Trade-offs vs. Two Separate Binary RSRs

Approach Permutations Aggregations Scatter passes Max unique patterns
Two binary RSRs 2 per block 2 per block 2 per block 2^k each
Unified ternary 1 per block 1 per block 1 per block 3^k

The unified approach halves the number of permutation and aggregation passes at the cost of a larger pattern space. For typical k values (4–8), 3^k remains manageable (81–6561 patterns).
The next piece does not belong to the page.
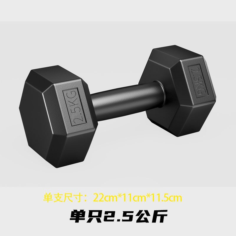 六角哑铃 单只2.5KG 炫酷黑 男士家用健身器材 运动黑色包胶小哑铃 环保材质 可做俯卧撑 男女通用
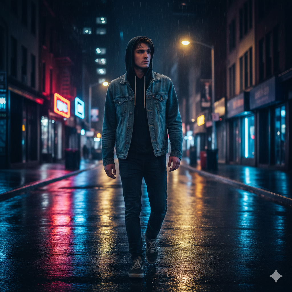 Cool boy with hoodie and denim jacket walking down a city street at night, neon lights reflecting off wet pavement, moody expression, cinematic 4K photography style.

Non-Square Ternary Matrices

The non-square generalization described in the "Extension to Non-Square Matrices" section applies identically to the ternary case. For a ternary matrix M of shape (n_rows, n_cols), each block has n_cols columns encoded as 2k-bit integers, permutations have n_cols entries per block, and the output has n_rows elements. Row padding to a multiple of k is applied if needed.